YUBICO_SERVER can no longer be an empty string, causes restart loops

[AySz88]

This vaultwarden commit, done as part of addressing vaultwarden issue #3003, appears to disallow setting YUBICO_SERVER to an empty string, such that it now considers it a configuration error rather than quietly(?) failing and continuing. The default .env.template, and any .env that left those lines in, now produces a restart loop and Error 503 for any users.

For users: workaround is to comment out YUBICO_* in .env, and re-run docker-compose up.
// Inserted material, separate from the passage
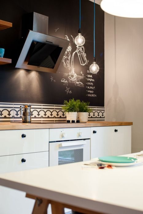 Сложности различной степени являются настоящим вызовом для профессиональных архитекторов. При любых препятствиях они стараются сделать пространство максимально практичным и привлекательным. Так получилось и с этой небольшой квартирой. Стены во всей квартире решили покрыть грифельной краской серого и чёрного цвета. Это решение позволило сэкономить на обоях.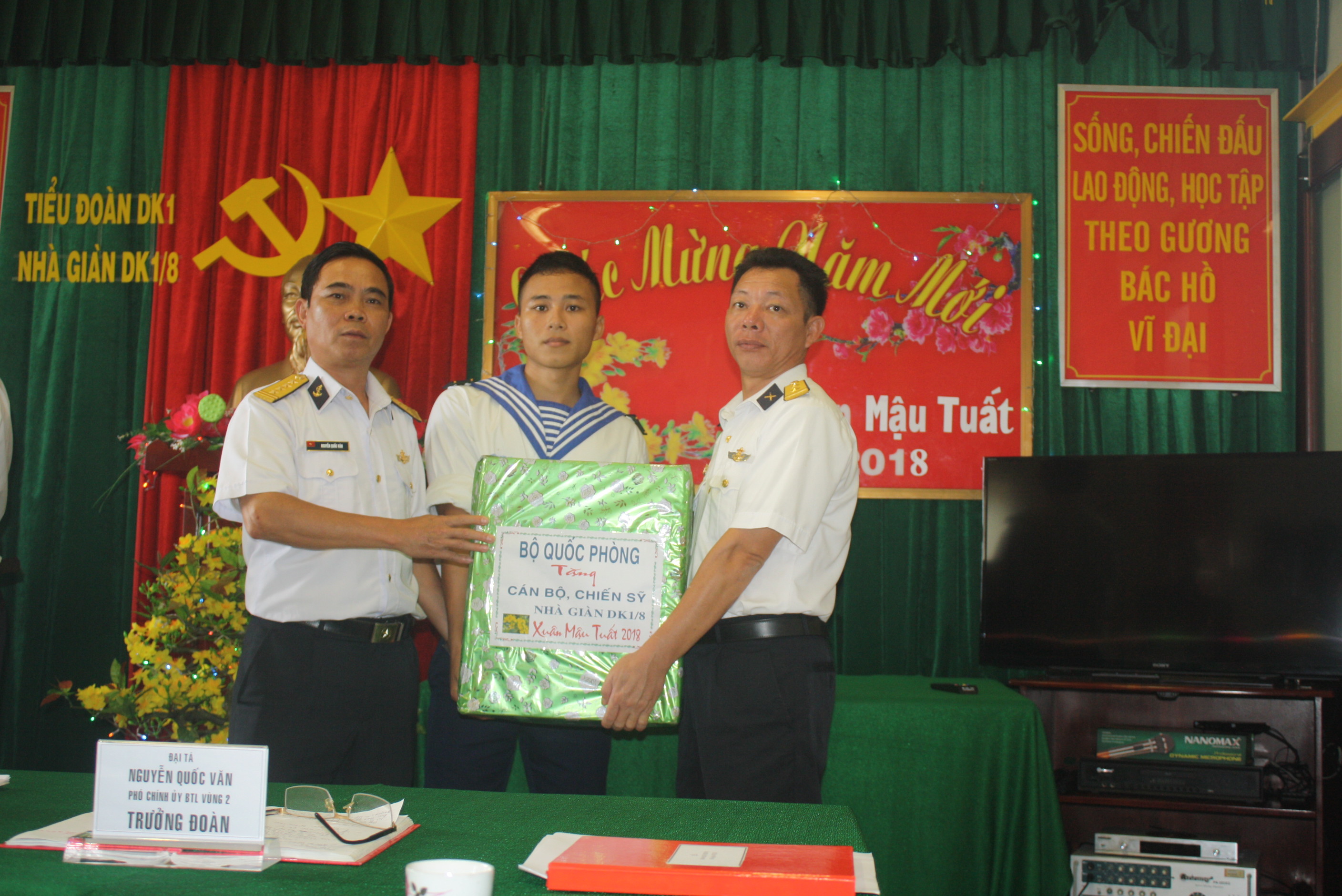 Đại tá Nguyễn Quốc Văn, Phó Chính ủy Vùng 2 hải quân tặng quà cho Nhà giàn DK1/8

Presumably .env.template should be changed so those lines are commented out by default as well.

Is there any mechanism to help existing deployments here other than asking to patch vaultwarden to consider empty strings to be unset?

[edit] I just noticed that the Vaultwarden issue has someone expecting an empty string to be some other behavior, so the idea of considering empty strings to be unset might not even be accepted. [edit2] Their reasoning here.

[crespire]

Ran into this myself this AM, as my watchtower schedule was weekly and they updated the image just after my last watchtower check-in.

Thanks for flagging, I came to the same conclusion and commented the vars out. It seems like they will keep this "empty string is a config error" approach, which I agree with.

[hmeyer]

+1, thanks for flagging. The workaround worked for me as well.

[dadatuputi]

Thanks @AySz88 for finding this. I updated .env.template and put a notice at the top of the project readme, but beyond that I'm not sure there's much else we can do. If you have any other ideas on how to make this as painless as possible for everyone who will be running into this, let's discuss it here.